§ **Exercise goal**:
Will you transcribe all the entries word for word, skipping the pictures they hold?

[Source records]
━━━━━━━━━━━━━━━━━━━━

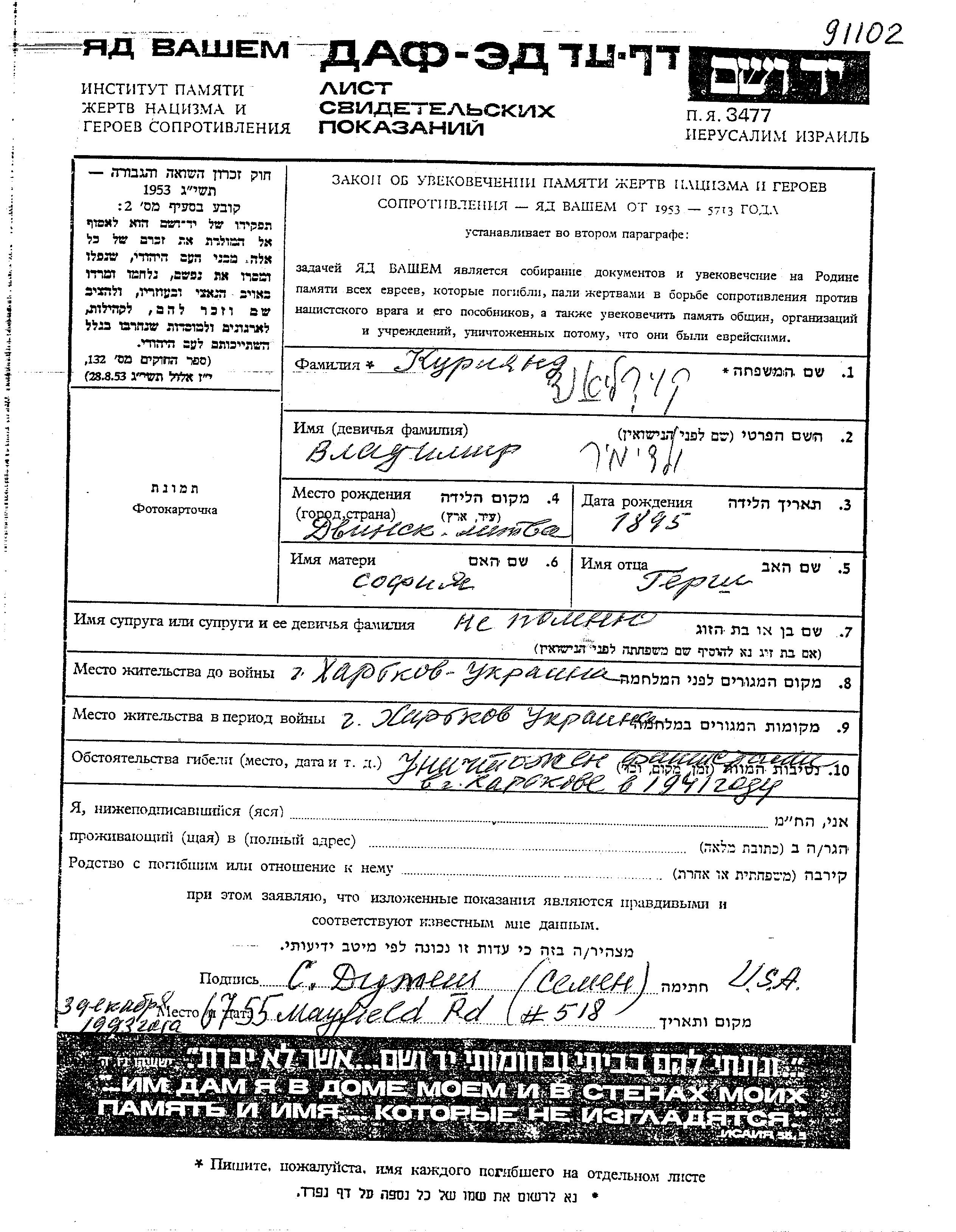 Kurlyand ולדימיר 1895 Kharkov, אוקראינה (ברה"מ) דף-עד
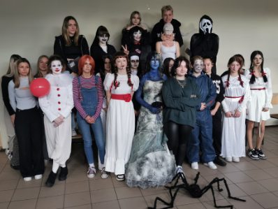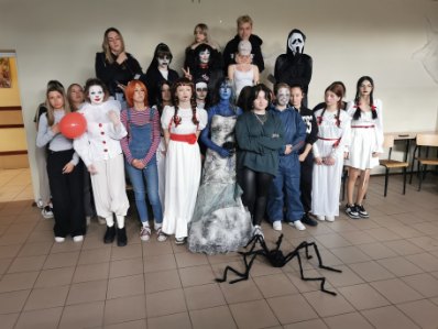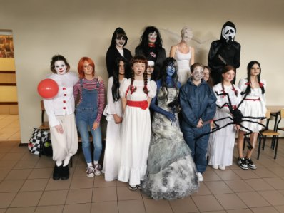 'Postać z horroru' to nazwa konkursu, który odbył się dziś w CKZiU. Klasa 4 technikum i 2 fryzjer zaprezentowaly się w stylizacjach najsłynniejszych postaci z horrorów. Było bardzo groźnie i niebezpiecznie, ale wszyscy przeżyli to spotkanie z horrorem i przy okazji humorem, bo śmiechu też nie zabrakło. Gratulujemy świetnych pomysłów na przebrania i dziękujemy za udział w konkursie!!!
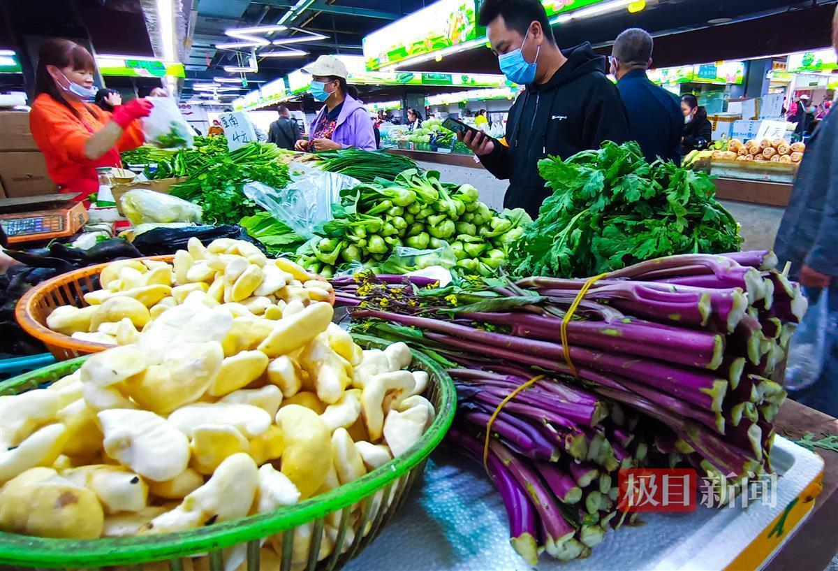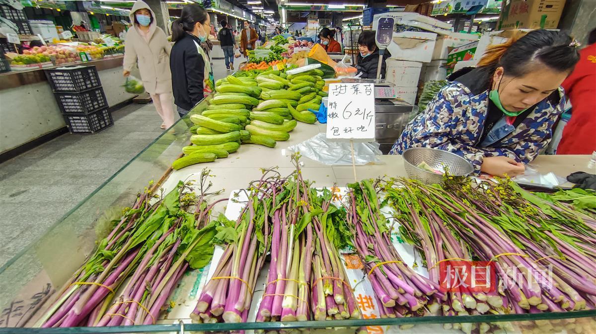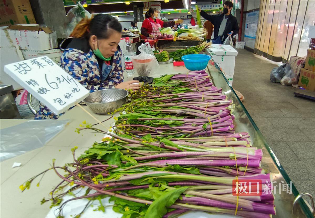 在光谷立信生鲜市场内,有少量红菜薹出售
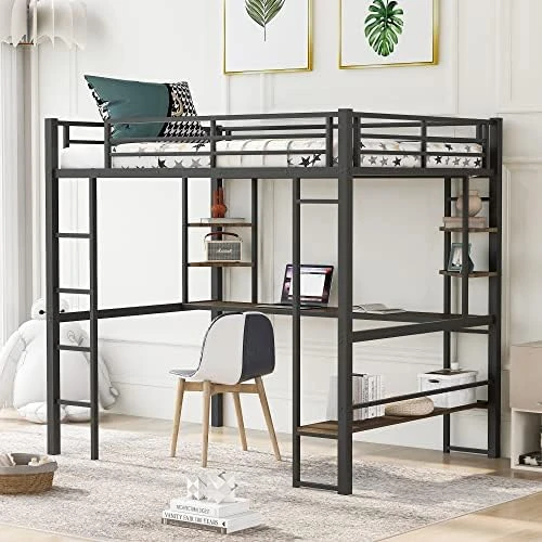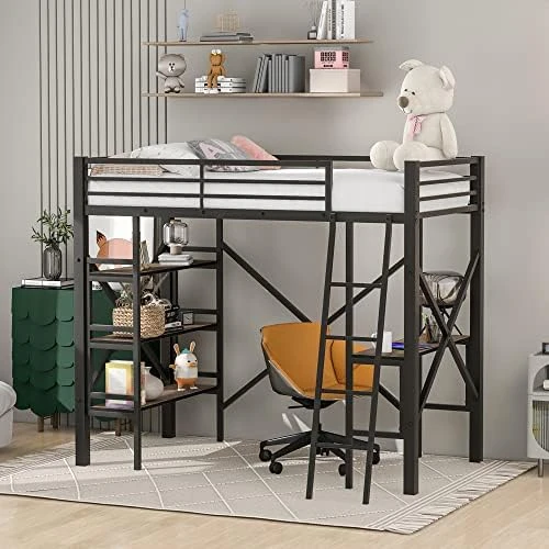 - 【Safety and Support】Metal loft bed with desk comes with high guardrail structure, which is used for preventing the child from falling from the loft bed and provides all-round protection. and there is 21 secured heavy-duty metal slats that provide ample support, stability and air circulation for the mattress (no foundation or box spring needed).
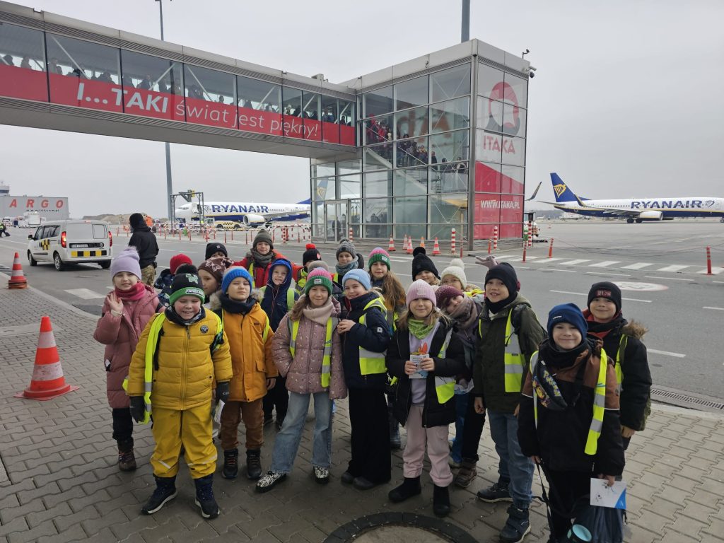 Pierwszy dzień ferii spędziliśmy bardzo aktywnie i ciekawie. Odwiedziliśmy lotnisko, gdzie dzieci dowiedziały się, jakich przedmiotów nie wolno przewozić w bagażu, poznały rolę Sokolnika oraz Marshallera, a także obserwowały odloty samolotów i proces sprawdzania bagażów.

━━━━━━━━━━━━━━━━━━━━

§ **Output**:
 Kurlyand ולדימיר 1895 Kharkov, אוקראינה (ברה"מ) דף-עד
 'Postać z horroru' to nazwa konkursu, który odbył się dziś w CKZiU. Klasa 4 technikum i 2 fryzjer zaprezentowaly się w stylizacjach najsłynniejszych postaci z horrorów. Było bardzo groźnie i niebezpiecznie, ale wszyscy przeżyli to spotkanie z horrorem i przy okazji humorem, bo śmiechu też nie zabrakło. Gratulujemy świetnych pomysłów na przebrania i dziękujemy za udział w konkursie!!!
 在光谷立信生鲜市场内,有少量红菜薹出售
 - 【Safety and Support】Metal loft bed with desk comes with high guardrail structure, which is used for preventing the child from falling from the loft bed and provides all-round protection. and there is 21 secured heavy-duty metal slats that provide ample support, stability and air circulation for the mattress (no foundation or box spring needed).
 Pierwszy dzień ferii spędziliśmy bardzo aktywnie i ciekawie. Odwiedziliśmy lotnisko, gdzie dzieci dowiedziały się, jakich przedmiotów nie wolno przewozić w bagażu, poznały rolę Sokolnika oraz Marshallera, a także obserwowały odloty samolotów i proces sprawdzania bagażów.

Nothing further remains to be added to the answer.